On June 1, Mr. Novoselov, who was intoxicated, police report, strode into the lobby of the Harbor View Hotel's Coach House, clad only in a pair of white Speedo-style briefs, flip-flops, and a floppy beach hat, clutching half of a cooked lobster with claws still banded, in one hand.
Bob Berdine and his fiancé Carolyn O'Leary, who were visiting from Buffalo, N.Y., were looking around the hotel lobby when Mr. Novoselov arrived. "I'm thinking, that's an odd get-up," Mr. Berdine laughed.
Several shocked patrons who were waiting in line for seating in the Coach House restaurant watched as Mr. Novoselov looked around the lobby a couple of times and then entered the Coach House restaurant ahead of them. "Only on the Vineyard..." one of them muttered.
Edgartown police subdue a scantily clad man who created a disturbance at the Harbor View Hotel. Photo by Tara Kenny
Mr. Berdine said it appeared as though Mr. Novoselov was in search of a culinary implement with which to open his lobster. A few minutes later, he heard one of two restaurant staff members who quickly escorted Mr. Novoselov out of the restaurant say, "Just get him the crackers, and get him out of here."
With his lobster now tucked into a plastic bag, Mr. Novoselov headed across the street from the Harbor View toward the Edgartown lighthouse. Lt. Tony Bettencourt said Edgartown police officers responded to a call around 8 pm concerning an intoxicated male wearing underwear in front of the Harbor View Hotel on North Water Street. The police officers reported that they arrived to find Mr. Novoselov allegedly exposing himself in front of the hotel, as he headed toward the Edgartown Lighthouse.
They arrested him on charges of open and gross lewdness. Mr.

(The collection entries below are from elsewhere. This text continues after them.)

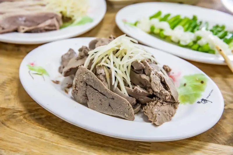 鵝肝是許多饕客推薦的必點品項。這裡的鵝肝吃起來非常嫩,幾乎可以說是入口即化。而且鵝肝特有的內臟味道處理得很好,不腥反而很鮮甜。因為鵝肝有加入鹽水滷汁川燙過,所以就算不沾醬,直接吃也非常好吃。
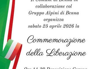 Anche il Comune di Benna si prepara a celebrare il 25 aprile 2026, giornata simbolo della Liberazione italiana, con una cerimonia commemorativa organizzata in collaborazione con il Gruppo Alpini di Benna.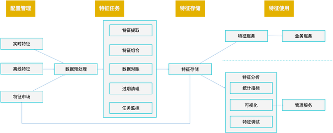特征平台主要是给数据科学家、数据工程师、机器学习工程师去使用,能够解决数据存储分散、特征重复、提取复杂、链路过长、使用困难等问题。主要功能是把数据从Hbase、Hive、关系型数据库等各类大数据ODS(Operational Data store )层进行快速的数据 ETL ,将数据抽取到ES、Redis、HBase、Hive,元数据在特征平台进行管理,并统一了数据出口,用来做算法模型的数据测试、训练、推理及其它数据应用。

Novoselov was arraigned in the Edgartown District Court on Monday.
Perhaps unnerved by Saturday night's events, a few days later on Tuesday morning, someone phoned the Edgartown police to report another possible "flasher" in the same spot, across the street near the lighthouse, in front of the Harbor View Hotel.
"It turned out to be nothing," Lieutenant Bettencourt explained. "It was a person of Indian descent who was praying - and he was dressed."
Harbor View Hotel general manager Richard McAuliffe did not return a phone call requesting a comment in time for Tuesday's deadline.